1.3 [appellanten] hebben daartegen tevergeefs spoedappel ingesteld; in zijn arrest van 20 april 2010 heeft dit hof de overwegingen van de kantonrechter overgenomen en daaraan het navolgende toegevoegd:
“Daargelaten wat de aanleiding is geweest voor het conflict tussen [appellant] en [appellante] enerzijds en de omwonenden anderzijds, uit de door Actium bij inleidende dagvaarding overgelegde producties, in onderling verband en samenhang bezien, komt duidelijk naar voren dat Actium vanaf 2007 met regelmaat klachten heeft ontvangen omtrent door [appellant] en [appellante] en hun honden veroorzaakte overlast voor de buurt(bewoners). Dat die klachten betrekking hadden op ernstige en niet te tolereren gedragingen van [appellant] en [appellante], blijkt voorshands evenzeer genoegzaam uit de betreffende producties. Het had op de weg van [appellant] en [appellante] gelegen de door Actium in overvloed geproduceerde bewijsmiddelen (waaronder een groot aantal bij een notaris onder ede afgelegde verklaringen van buurtbewoners) te ontzenuwen door de eigen stellingen eveneens met bewijsstukken te onderbouwen, zulks mede gelet op het feit dat de kort geding procedure zich niet leent voor het horen van getuigen. Het hof moet echter vaststellen dat [appellant] en/of [appellante] weliswaar in eerste aanleg een groot aantal producties hebben overgelegd, doch dat zich onder die producties niet één verklaring bevindt van een omwonende of een anderszins betrokken derde waaruit steun kan worden geput voor de door [appellant] en [appellante] betrokken stellingen en gevoerde verweren. De wel door [appellant] en/of [appellante] overgelegde producties ondersteunen weliswaar de stellingen dat de buurt zich ook jegens hen niet onbetuigd heeft gelaten, maar poetsen de aantijgingen van door [appellant] en [appellante] veroorzaakte ernstige en – ondanks waarschuwingen – herhaalde overlast die ontruiming in kort geding rechtvaardigt, allerminst weg.”

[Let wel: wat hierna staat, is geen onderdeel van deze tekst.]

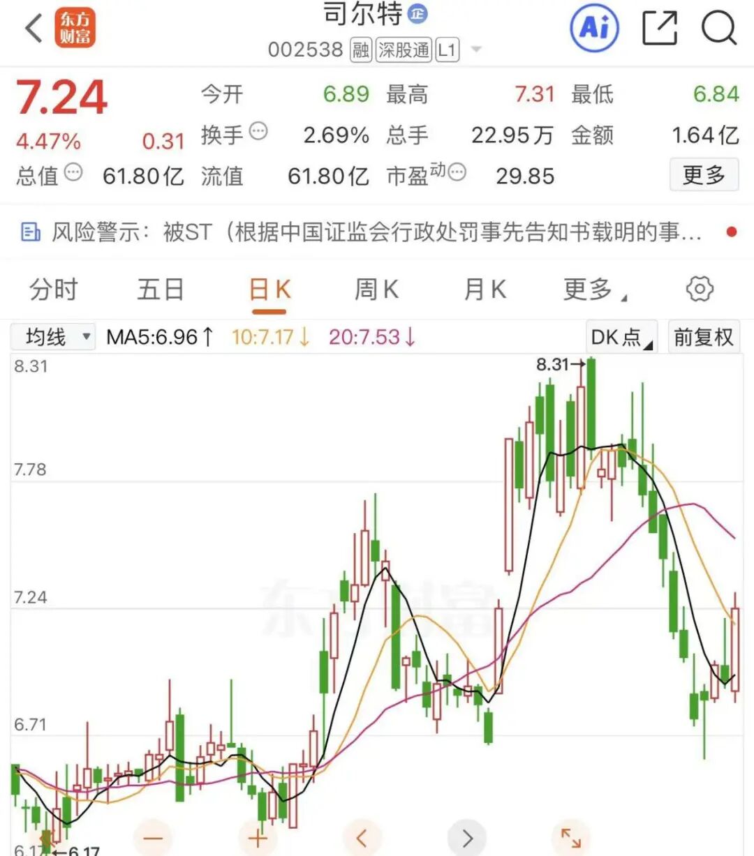 截至3月27日收盘,司尔特报7.24元/股,最新市值为61.80亿元。

1.4 [appellanten] hebben de woning in februari 2010 verlaten. Op 19 februari 2010 hebben zij twee keer afval naar het zogenoemde brengstation in Roden gebracht.
De gemeente [gemeente] heeft Actium op 24 maart 2010 een bedrag van
€ 257,91 gefactureerd voor het ophalen van 5m3 grof vuil. Op de bijgevoegde acceptgiro is vermeld dat het gaat om “grof vuil [adres] te [plaats]”. Aannemersbedrijf [aannemersbedrijf] B.V heeft Actium € 219,- exclusief BTW in rekening gebracht als "loon week 8" van [werknemer] betreffende werk aan [adres] te [plaats]. Actium heeft [appellanten] (inclusief BTW) het saldo van
€ 518,52 in rekening gebracht. Dit bedrag is tot op heden niet betaald.
1.5 [appellanten] wonen inmiddels elders. Zij hebben nog een huurachterstand bij Actium van € 237,93.
1.6 Aan [adres] te [plaats] bevindt zich een duivenhok dat aan [appellanten] toebehoort. Actium heeft hen laten weten dat zij dit duivenhok door derden mogen laten ophalen.